→ **Work order**
Exactly the lines from the one containing "Invite more along" through the one containing "Step6. One new" in the listing below are to be copied, with the pictures left out.

→ **Data section**
= Beginning of Section =

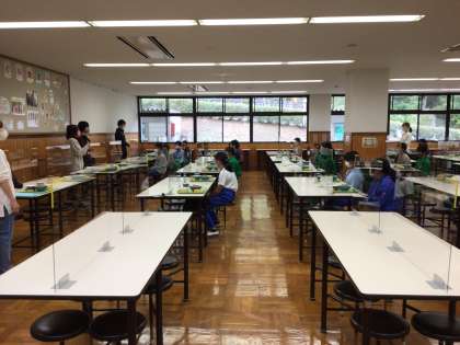 お肉たっぷりのどんぶり。山盛りです。海藻サラダ、かきたま汁、オレンジ。おなかいっぱいになりました。黙食です。3校とも子どもたちは当たり前のように黙食習慣が身についていることを感じました。一緒にキャンプを行うと、日頃の学校生活の様子がよくわかります。いいなと思うのは、先生の話に頷いたり、「はい」と反応する子たちが本校も含めて何人もいることです。お互いの良いところを学んで帰りたいと思います。
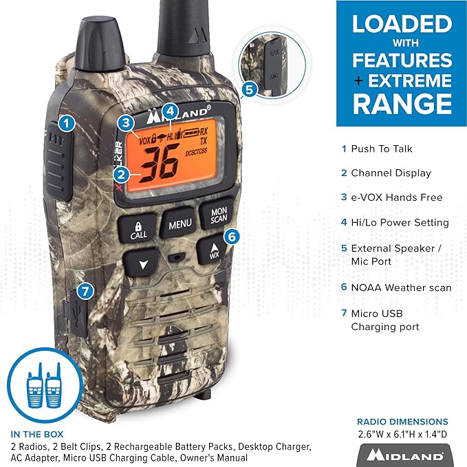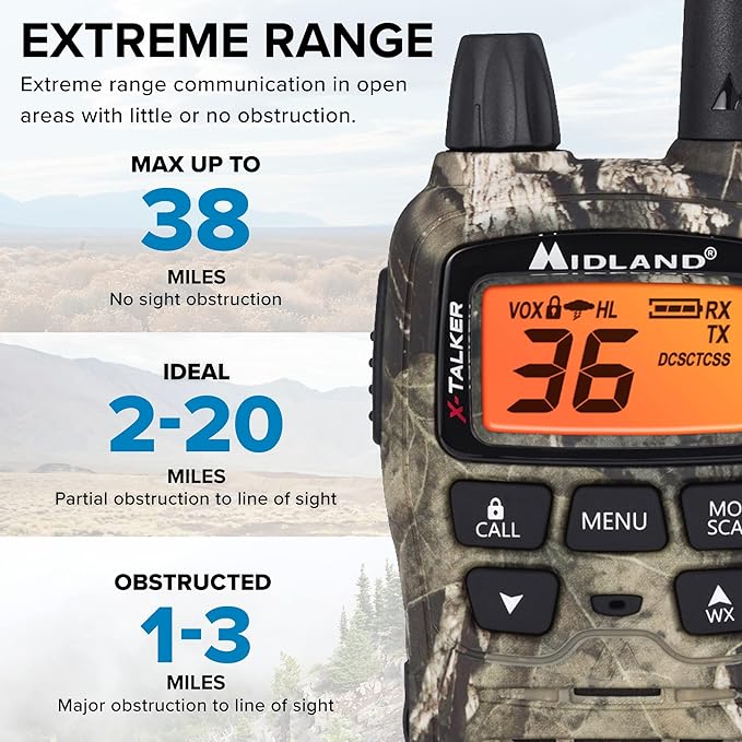 - Ideal for Hunting Adventures: Hunters rejoice! Our walkie-talkies are tailor-made for your needs. With 5 Animal Call Alerts (turkey, duck, crow, cougar, and wolf), you can effortlessly attract game. The Vibrate feature silences all tones, ensuring your stealthy presence. The Mossy Oak Break-Up Country Camouflage pattern further enhances your hunting experience.
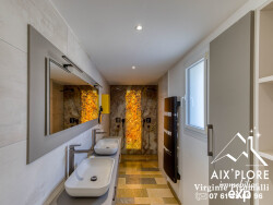 Découvrez : Au rez-de-chaussée: -Une entrée de 15m2 avec rangements intégrés. Une cuisine haut de gamme ouverte sur la salle à manger de 50m2, baignée de lumière et dotée d'un poêle à bois pour une ambiance chaleureuse. Accès direct à une terrasse conviviale. -Une Family Room de 45m2 avec salle d'eau et WC offre une polyvalence totale : suite parentale, salle de cinéma, salle de sport ou un logement locatif. -Une salle d'eau élégante de 10m2 : double vasque et double douche Italienne, mur en feuille de pierre rétro-éclairées pour une atmosphère apaisante et raffinée. WC indépendant.
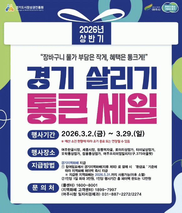 [NWS¹æ¼Û=Çѽ¸ñ ±âÀÚ]°æ±âµµ½ÃÀå»ó±ÇÁøÈï¿ø¿¡¼­ ÁÖ°üÇÏ´Â ¡®2026³â »ó¹Ý±â °æ±â»ì¸®±â ÅëÅ«¼¼ÀÏ¡¯ÀÌ ¿©Áֽà °ü³» ÀüÅë½ÃÀå ¹× »óÁ¡°¡¿¡¼­µµ ÁøÇàµÈ´Ù. ¡®°æ±â»ì¸®±â ÅëÅ«¼¼ÀÏ¡¯Àº ¼ÒºñÁøÀÛ°ú Áö¿ª»ó±Ç ȸº¹À» À§ÇÑ ÆäÀ̹é À̺¥Æ® Çà»ç·Î¡¦
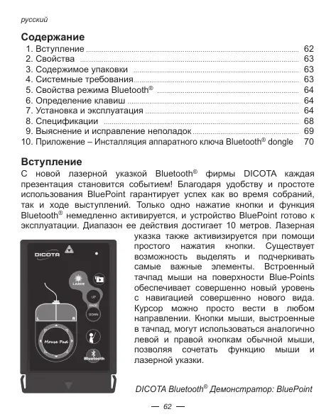 BLUEPOINT - пульт дистанционного управления DICOTA - Бесплатное руководство пользователя
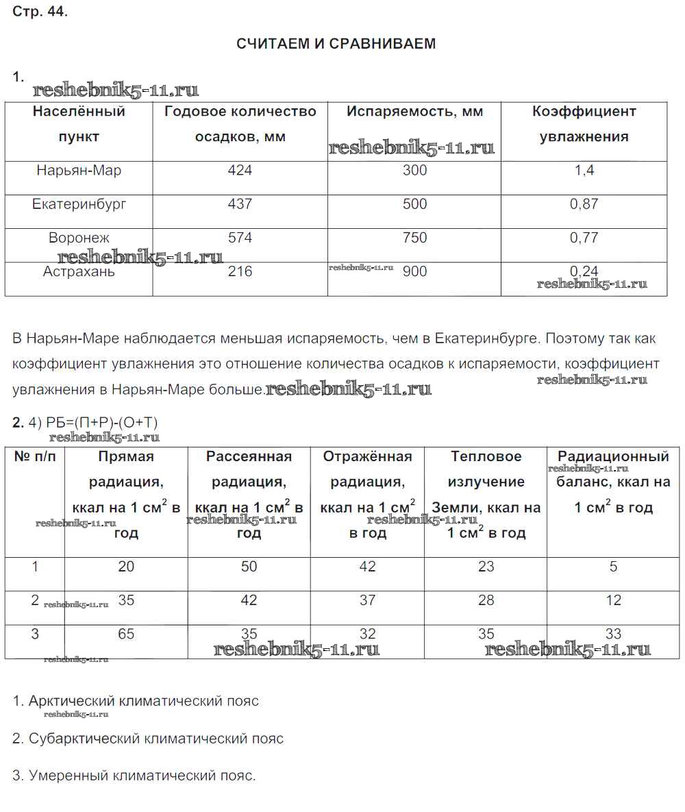 Готовая домашняя работа с ответами по Географии за 8 класс Ольховая, Банников Тетрадь-тренажер Сферы Просвещение 2016 ФГОС - Страницы 44
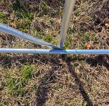 Now I want y'all to focus on the top of the hoop. There is a tube that runs the length of the greenhouse. to give support. Well at this point I was out of the shorter bolts and for some reason had 5 of the long ones left over. WTH??? So I looked at the tubes and the short bolts at the very apex of the hoop and there was NO way that the ridge pole was attaching to those short bolts. I looked at the 5 long bolts left and again at thje ridge pole....... And BOOM it was like Thor smacked me with Mjölnir. Those 5 long bolts go in the apex and those short bolts that I was short are now found! (PS ignore the loose siding, We had a rough storm and this was the first clear day. They have since been re-seated!) We did not take any pictures of us covering it, My wife REFUSED to have pictures taken of her. But it went on easy.
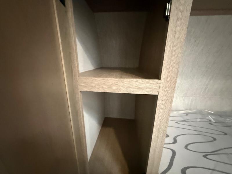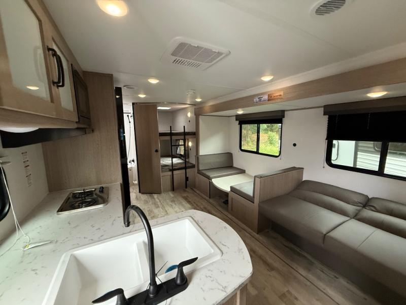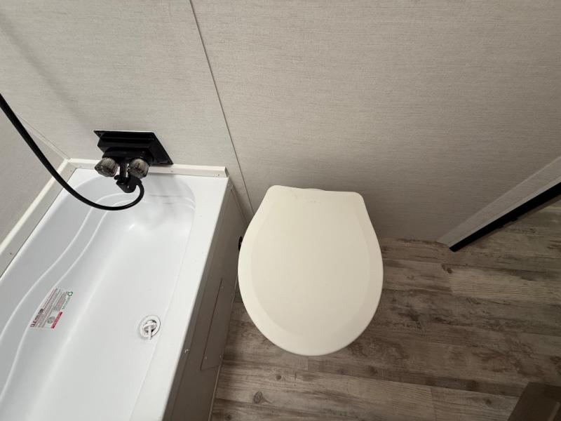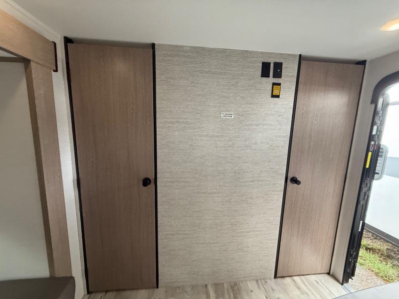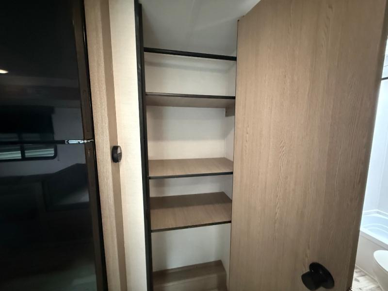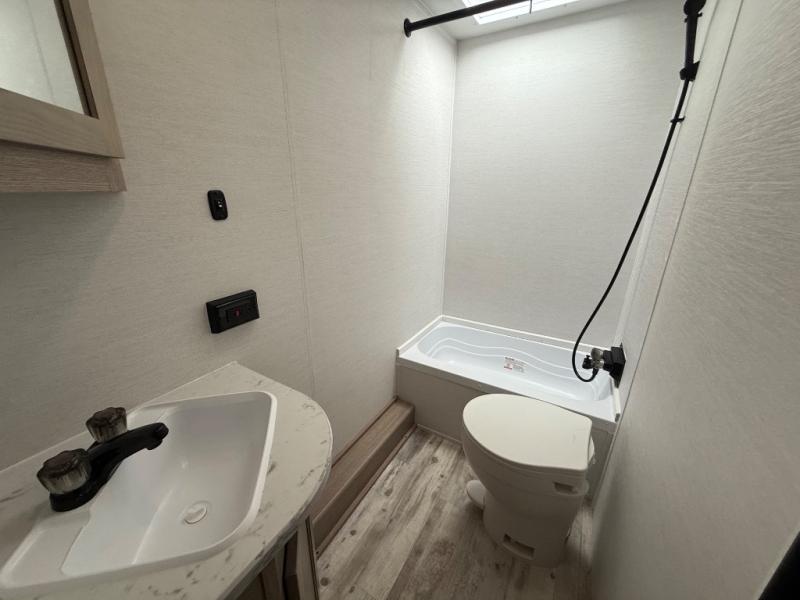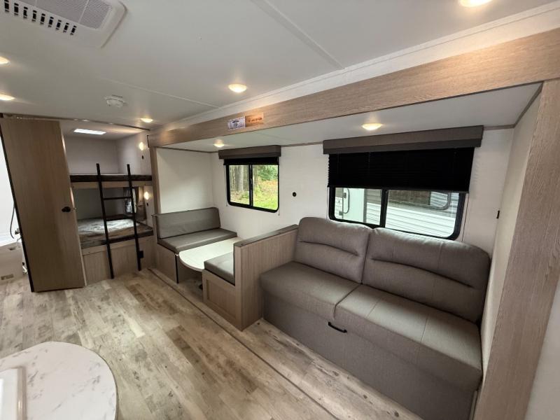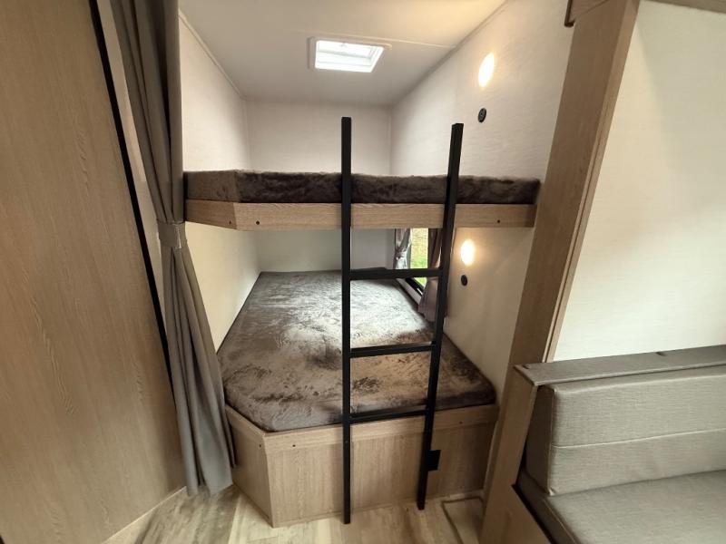 Invite more along with double-size bunks in this 'Show Stopper' travel trailer! The private shower and toilet is close to the bunks if you're camping with little ones making it quite convenient, especially at night. You will be comfortable on the front RV queen bed with dual bedside nightstands and shirt closets. The kitchen features everything you need to create meals and snacks for your entire family, and the outside pass-through storage allows you to easily tuck away your gear like fishing poles, camp chairs and games, plus more!
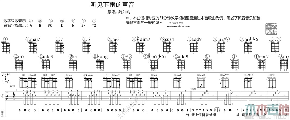 曲谱介绍: 关诗敏《听见下雨的声音》吉他弹唱谱,采用A调指法编配,共有3张高清图谱。
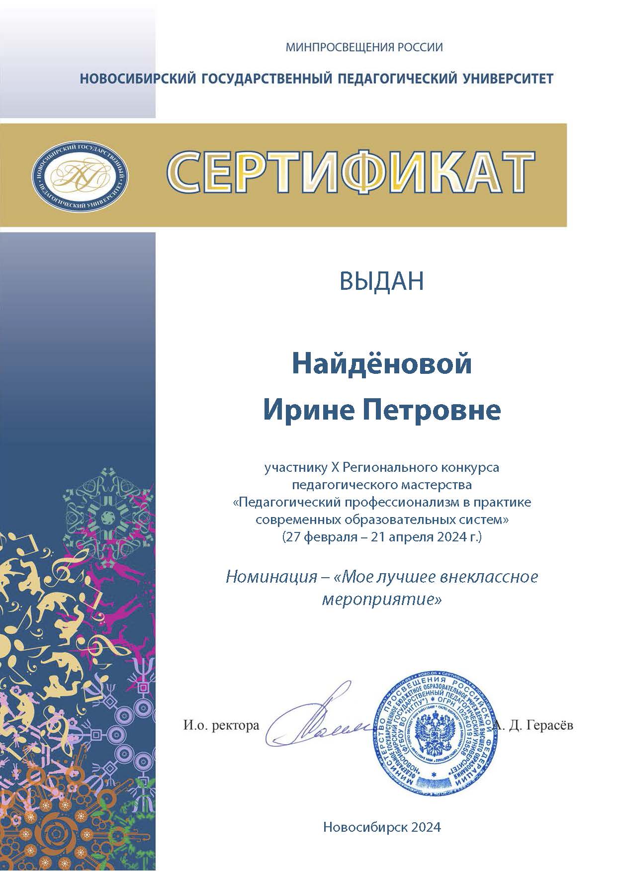 Х Региональный конкурс педагогического мастерства "Педагогический профессионализм в практике современных образовательных систем", НГПУ, 2024 |
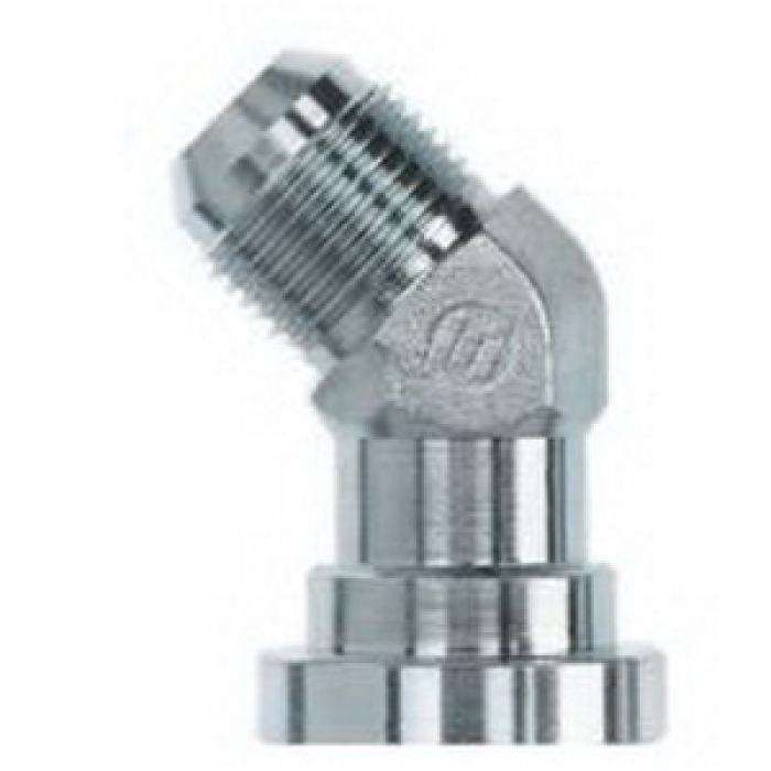 Brennan 45 deg Elbow, Series: 1703-FG, Connection Type 1: SAE Code 61 Flange, Connection Size 1: 1-1/4 in, Connection Type 2: JIC, Gender 2: Male, Connection Size 2: 1-1/4 in, Thread Size 2: 1-5/8-12 UN, Hex Size: 1-5/8 in, Material Construction: Forged Steel
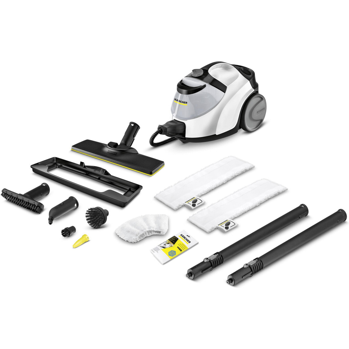 Im Lieferumfang sind eine Handdüse, eine Punktstrahldüse, eine Powerdüse, zwei Rundbürsten, ein Mikrofaserüberzug, ein Verlängerungsrohr sowie Entkalkerpulver enthalten, sodass Sie sofort loslegen können. In stilvollem weiß und schwarz gestaltet, fügt sich der Kärcher SC 5 EasyFix Premium perfekt in Ihr Zuhause ein.
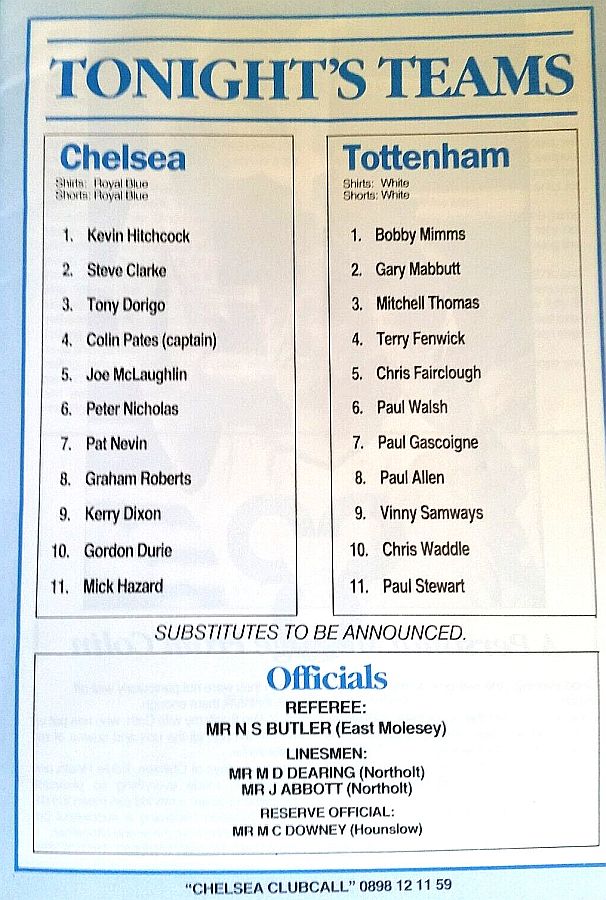 Dave Beasant, Gareth Hall, Tony Dorigo, Andy Townsend, Erland Johnsen, Ken Monkou, Dennis Wise, Peter Nicholas, Kerry Dixon, Gordon Durie (Graeme Le Saux 7), Kevin Wilson |
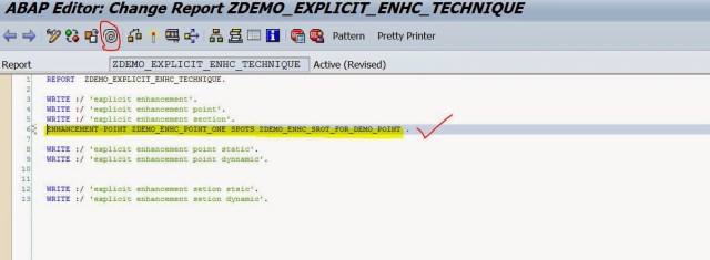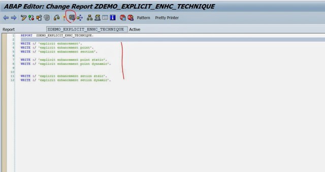 Step6. One new line is inserted at the selected point in the program. Now the enhancement point is created but we need a enhancement implementation to put our specific code. So click on the Spiral icon to enter into enhancement mode.
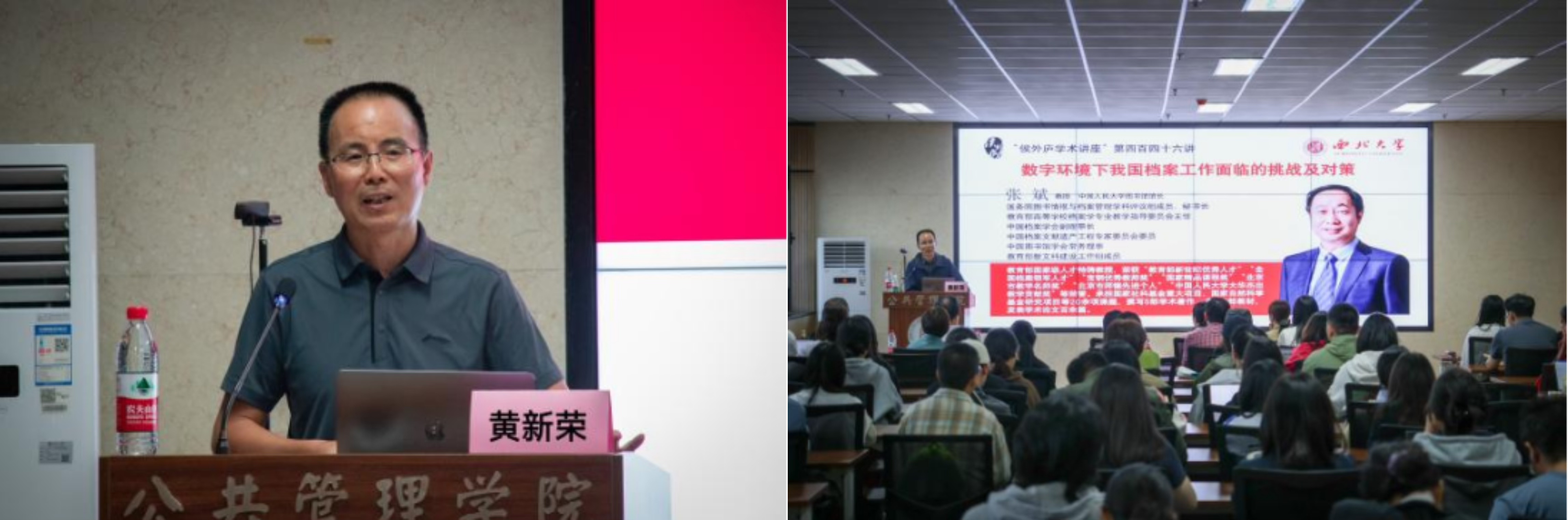 2025年9月19日晚,西北大学“侯外庐学术讲座”第四百四十六期在长安校区西学楼13层公共管理学院多媒体会议室顺利开讲。本次讲座特邀中国人民大学图书馆馆长、信息资源管理学院教授张斌开展“数字环境下我国档案工作面临的挑战及对策”专题讲座。张斌教授是教育部国家级人才特聘教授,担任国务院信息资源管理学科评议组成员、秘书长,教育部档案学专业教学指导委员会主任,中国档案学会副理事长,中国档案文献遗产工程专家委员会委员,中国图书馆学会常务理事,高等学校图书馆分会副主任委员,北京高校图书馆工作委员会副主任委员兼秘书长,北京高校图书馆文献资源保障体系(BALIS)管理委员会常务副主任等多项职务,获得“教育部新世纪优秀人才”“宝钢优秀教师奖”“北京市教学名师奖”“北京市师德先进个人”等荣誉。此次讲座由西北大学公共管理学院黄新荣教授主持,陕西省档案馆干部一行6人受邀参与和交流,公共信息资源管理系全体师生参加。

= End of Section =

→ **Answer box**
 Invite more along with double-size bunks in this 'Show Stopper' travel trailer! The private shower and toilet is close to the bunks if you're camping with little ones making it quite convenient, especially at night. You will be comfortable on the front RV queen bed with dual bedside nightstands and shirt closets. The kitchen features everything you need to create meals and snacks for your entire family, and the outside pass-through storage allows you to easily tuck away your gear like fishing poles, camp chairs and games, plus more!
 曲谱介绍: 关诗敏《听见下雨的声音》吉他弹唱谱,采用A调指法编配,共有3张高清图谱。
 Х Региональный конкурс педагогического мастерства "Педагогический профессионализм в практике современных образовательных систем", НГПУ, 2024 |
 Brennan 45 deg Elbow, Series: 1703-FG, Connection Type 1: SAE Code 61 Flange, Connection Size 1: 1-1/4 in, Connection Type 2: JIC, Gender 2: Male, Connection Size 2: 1-1/4 in, Thread Size 2: 1-5/8-12 UN, Hex Size: 1-5/8 in, Material Construction: Forged Steel
 Im Lieferumfang sind eine Handdüse, eine Punktstrahldüse, eine Powerdüse, zwei Rundbürsten, ein Mikrofaserüberzug, ein Verlängerungsrohr sowie Entkalkerpulver enthalten, sodass Sie sofort loslegen können. In stilvollem weiß und schwarz gestaltet, fügt sich der Kärcher SC 5 EasyFix Premium perfekt in Ihr Zuhause ein.
 Dave Beasant, Gareth Hall, Tony Dorigo, Andy Townsend, Erland Johnsen, Ken Monkou, Dennis Wise, Peter Nicholas, Kerry Dixon, Gordon Durie (Graeme Le Saux 7), Kevin Wilson |
 Step6. One new line is inserted at the selected point in the program. Now the enhancement point is created but we need a enhancement implementation to put our specific code. So click on the Spiral icon to enter into enhancement mode.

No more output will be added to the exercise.